Chris Muller ma.chris.m at gmail.com
Sun Feb 5 17:56:06 UTC 2012


Hi Dave, thanks for the feedback.  However, the yet-another-class
cannot actually satisfy my needs because I also require globalized
Minute, Hour, Month, Quarter and Year timespans.

I totally understand and appreciate what you are saying about having a
"lean Date" a-la Squeak 3.6.  Would you please look at the attached
packages?  This package goes back to 2004, prior to the existence of
Chronology.  It wraps a single LargeInteger to represent any
point-in-time precise to the millisecond.  In fact, observe version 44
of the package even went a step further and, rather than wrapping an
Integer, it even *inherited* from Integer -- e.g., each MaDate WAS an
Integer, with only behaviours.

Guess what:  It didn't perform any better than Chronology's 3
SmallIntegers.  (The benchmark results are published in the version
comments of the attached packages, check it out).

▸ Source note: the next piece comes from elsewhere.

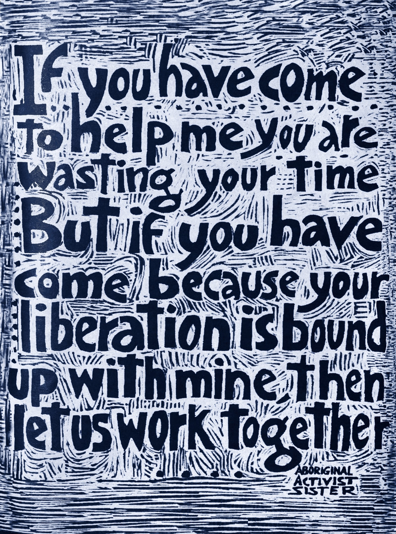 "If you have come to help me you are wasting your time.  But if you have come because your liberation is bound up with mine, then let us work together."  From Earth First! 2002.
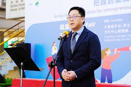 陳俊拔向各位到場嘉賓、協辦單位及參展商表示感謝,他表示嘉年華旨在促進本校在校生、應屆畢業生、畢業校友與社會、企業各界多方面交流,協助企業延攬優秀人才,同時讓學生瞭解目前粵港澳大灣區的市場動態,及早做好事業規劃。他介紹,城大「社會科學總論」進入ESI全球前1%,彰顯大學在人文社科學科領域的特色和優勢。同時,城大率先開展課程國際權威認證,旅遊業管理專業的博士、碩士、學士學位課程,均為獲聯合國世界旅遊組織TedQual優質教育素質認證的特色課程,其中旅遊休閒管理學科位居軟科「2023世界一流學科排名」入庫排名高校全球前20%位列排名51-75。城大將致力構建「政、校、企」的產教研融合平台,持續為學生爭取更多實習實踐、就業創業機會。他寄語學生,現今社會發展迅速多變、就業形勢競爭激烈,年青人必須秉持務實進取,靈活變通,勇於嘗試,敢於突破的精神來應對各項問題,發揮自我價值。

Also, it created unnecessary converting complexities since there are
other areas of the system that use the standard Chronology class.

The other problem is:  If we bring in yet-more-classes, where does
that leave Date, et al?  They're still horribly broken, as you said in
your prior message.  Unsuspecting Squeakers all over the world can be
drastically affected by this.  This is not just my problem, it's
Squeak's problem, and it's a doozie -- wouldn't you say?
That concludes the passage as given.